--- Information shown Enclosed Below ---

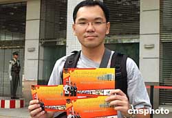 第一位領(lǐng)取參觀票的歐陽先生二十五日晚八時許就開始排隊,他準(zhǔn)備和父母一起去參觀。作者:梁永強
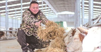 | 郑培坤在养牛场作业。 |
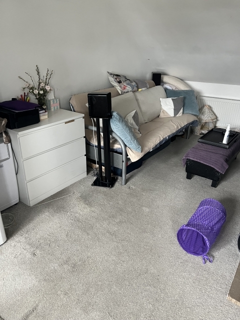 I am looking for a female flatmate to rent out one double room in a 1 bedroom flat. I would take over the living room at night but during the day it would be shared. It’s a cozy flat and includes a cat so you would need to love cats. I am looking for a friendly working professional who enjoys music and movies. The rent includes all
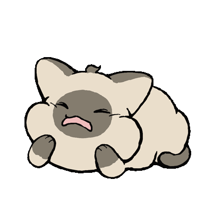An adorable cartoon cat lies down, crying with tears, squinted eyes, and a downturned mouth, looking very sad.

--- End of Enclosed Information shown ---

> [Your goal]: All of the data above should be quoted exactly, except for the pictures.

> [Answer for this exercise]:
 第一位領(lǐng)取參觀票的歐陽先生二十五日晚八時許就開始排隊,他準(zhǔn)備和父母一起去參觀。作者:梁永強
 | 郑培坤在养牛场作业。 |
 I am looking for a female flatmate to rent out one double room in a 1 bedroom flat. I would take over the living room at night but during the day it would be shared. It’s a cozy flat and includes a cat so you would need to love cats. I am looking for a friendly working professional who enjoys music and movies. The rent includes all
An adorable cartoon cat lies down, crying with tears, squinted eyes, and a downturned mouth, looking very sad.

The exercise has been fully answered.